◆ **TASK**
Omitting all images, transcribe the listing word for word.

◆ **INFORMATION SUPPLIED**
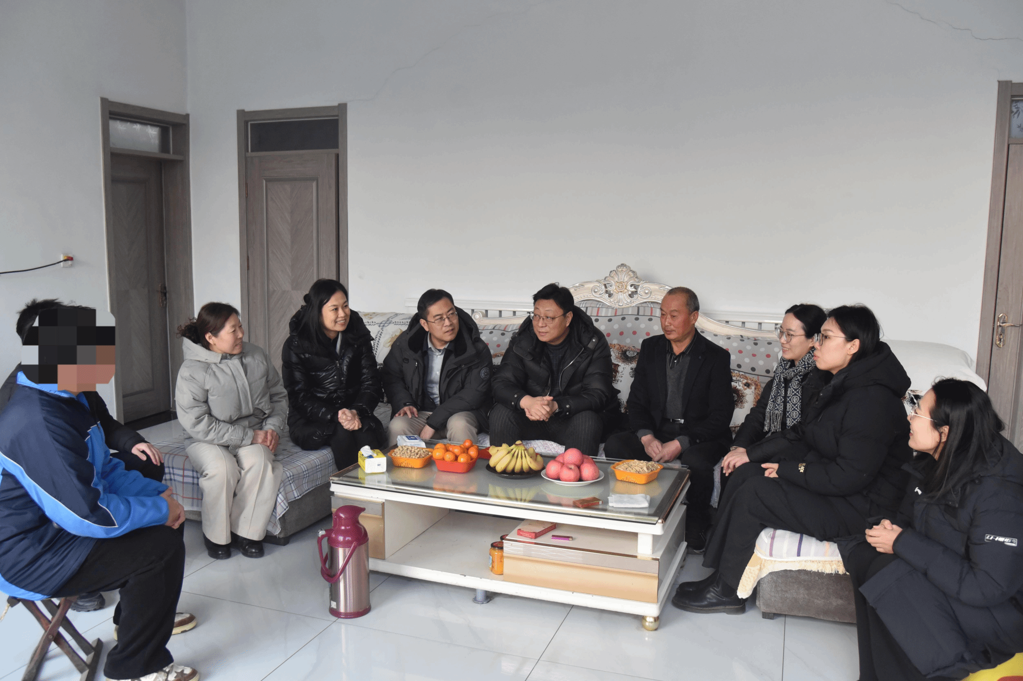 学院一行先后走访了位于济南市济阳区和滨州市阳信县的邢同学和苏同学的家庭。学院领导、老师、校友们深入了解学生家庭收入来源和生活情况,向家长反馈了学生在校期间的学习表现,并结合专业特点,一起探讨了学生的学业规划和未来发展。曾受家访帮扶的优秀校友姬广蓬结合自身成长经历,勉励学弟学妹们要珍惜韶华,不畏艰难,奋力拼搏,实现“受助-自助-助人”的爱心接力。李超代表学院为学生家庭送上慰问金与新年慰问品,将学校学院的深切关怀、暖心问候与新春祝福传递给家长与学生。
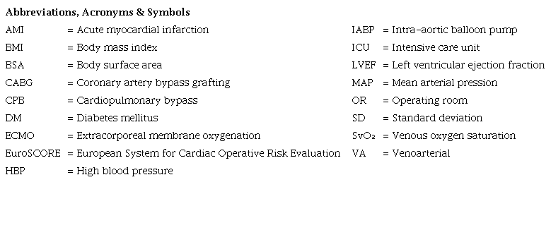 Keywords: Extracorporeal Membrane Oxygenation, Stroke Volume, Heart Failure, Left Ventricular Function, Morbidity, Catheterization.
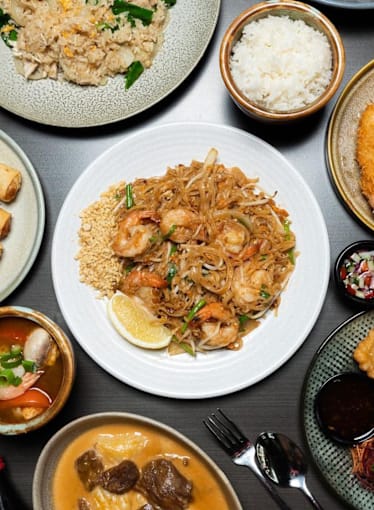 Soft flat rice noodles with egg, vegetables and Thai seasoning.
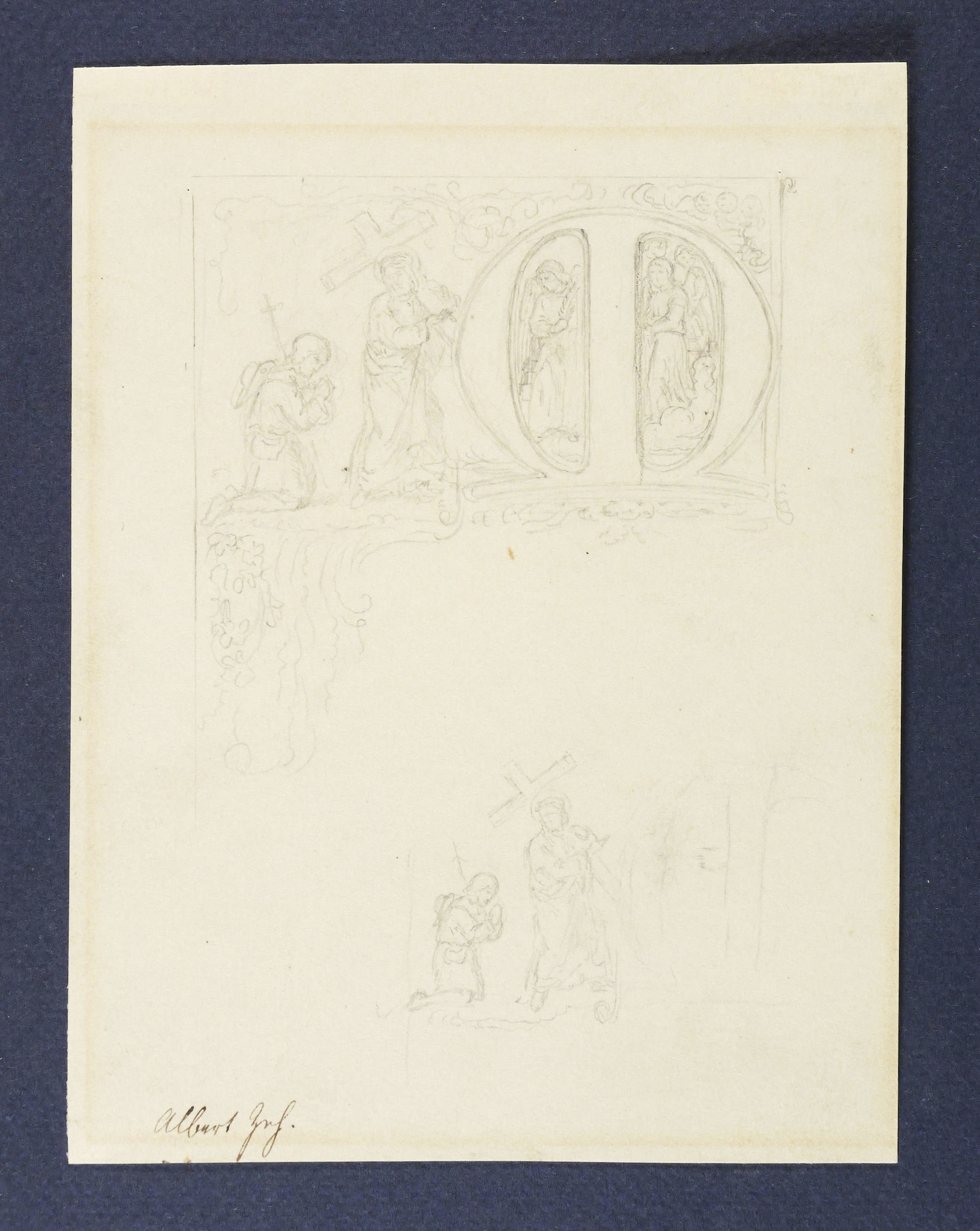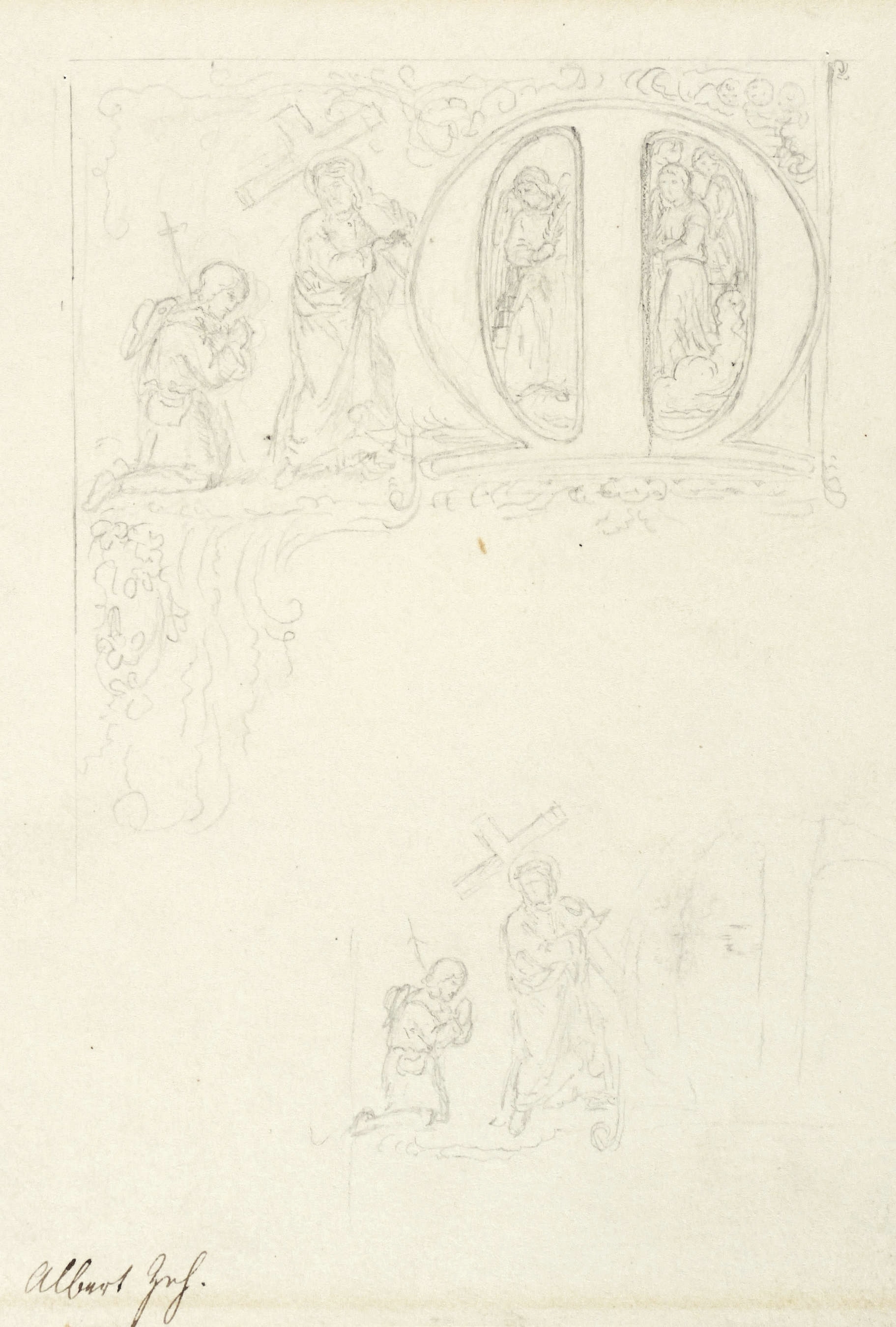 Zeh, Friedrich Albert. – „Initial-Entwürfe M mit Kreuztragung”.

◆ **WRITTEN ANSWER**
 学院一行先后走访了位于济南市济阳区和滨州市阳信县的邢同学和苏同学的家庭。学院领导、老师、校友们深入了解学生家庭收入来源和生活情况,向家长反馈了学生在校期间的学习表现,并结合专业特点,一起探讨了学生的学业规划和未来发展。曾受家访帮扶的优秀校友姬广蓬结合自身成长经历,勉励学弟学妹们要珍惜韶华,不畏艰难,奋力拼搏,实现“受助-自助-助人”的爱心接力。李超代表学院为学生家庭送上慰问金与新年慰问品,将学校学院的深切关怀、暖心问候与新春祝福传递给家长与学生。
 Keywords: Extracorporeal Membrane Oxygenation, Stroke Volume, Heart Failure, Left Ventricular Function, Morbidity, Catheterization.
 Soft flat rice noodles with egg, vegetables and Thai seasoning.
 Zeh, Friedrich Albert. – „Initial-Entwürfe M mit Kreuztragung”.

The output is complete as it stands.